One other thing i also noticed reading the Appleseed pdf (btw thanks for posting ronaldheld ) is that:

Quote; " The automatic correction feature of this watch is supported until 28/2/2100 " .......end quote.

So it seems to be the same as Astron GPS in this regard.
I also notice some of my RC pieces state a similar message within their manuals.......What is going on regarding this? Does this prove that this info is not transferred to the watch but is always held within the watch itself?


----------



## Andrew McGregor

Catalin said:


> Yes, those have better drain currents but in my own experience (I believe with something like gen2 LiPo) the recharging of those is FAR trickier (we rarely got 100 cycles without a very large drop in capacity) - and more relevant the self-discharge in some models was so big that is hard to believe it would still keep relevant power after 12 months let alone 30 months.

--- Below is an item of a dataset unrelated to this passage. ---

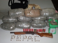 Na tarde dessa segunda-feira, 10, policiais militares do Pelotão Especial de Patrulhamento em Área de Caatinga (PEPAC) apreenderam quinze quilos de maconha, uma espingarda calibre 12, munições, uma balança, sementes de maconha e sacos plásticos e fitas adesivas utilizadas para acondicionamento da droga. Todo o material estava escondido em uma propriedade rural localizada no povoado Flor da Serra, no município de Poço Redondo.

Yeah. They can be reliably charged; the main thing is not to deep-discharge them very often, so the protective circuitry in a watch would need to be really good. Most of that is cured in the latest formulations, and LiFePO4 chemistry is much better again. And all of those parameters can be tweaked, if a battery maker wants some other combination of properties.

I own a few of those, but they're used for micro-size model aircraft, and in that application they last a fair while so long as you don't over-discharge them.


----------



## Catalin

everose said:


> One other thing i also noticed reading the Appleseed pdf (btw thanks for posting ronaldheld ) is that:
> 
> Quote; " The automatic correction feature of this watch is supported until 28/2/2100 " .......end quote.
> 
> So it seems to be the same as Astron GPS in this regard.
> I also notice some of my RC pieces state a similar message within their manuals.......What is going on regarding this? Does this prove that this info is not transferred to the watch but is always held within the watch itself?


I believe the GPS signal does not have very much CALENDAR information in itself (unlike most of the radio-sync signals) - the easiest to use is a count of weeks in a 10-bit field about which I also remember that there was a very interesting point made regarding the rollover of that - see

GPS Week Number Rollover

The Appleseed seems to have a (manual-settable) field to adjust for that - the "week rollover number".

The bottom line is that calendar info is in the watch, and most perpetual calendars will need a manual correction on the transition February 28th - March 1st 2100 (2100, 2200, 2300 are not leap years, 2000 and 2400 are). On most such watches advancing the hour 24 hours ahead should fix the problem, however I am curios if a manual correction will be enough in the Appleseed!


----------



## ronalddheld

That assumes that working Appleseeds will exist in 2100.


----------



## Sabresoft

dicioccio said:


> As pointed out, I don't understand the perpetual calendar "up to feb 2100" feature. In fact the date is easily synchronised with the GPS...


My understanding from a little digging is that the issue relates to the RC signal which only transmits a two digit date (shades of Y2K all over again). So in theory when it is 2100 the RC signal says "00" and the watch has no way of knowing if the RC means 2000 or 2100, so it would set the date probably as Jan 1, 2000 instead of Jan 1, 2011. On date alone that should not be a problem until midnight Feb 28, 2011 when the watch wants to go to Feb 29 and GPS insists that it is Mar 1. Not sure how the algorithm in the watch would deal with that (2000 is a leap year, 2100 isn't).

The other problem that I see is the day of the week. Not sure if the GPS transmits that information or if the watch just calculates that from the date. January 1, 2000 was a Saturday. January 1, 2011 will be a Friday. By March 1 you'd be off by two days. That's why I believe many watches "terminate" on December 31, 2099.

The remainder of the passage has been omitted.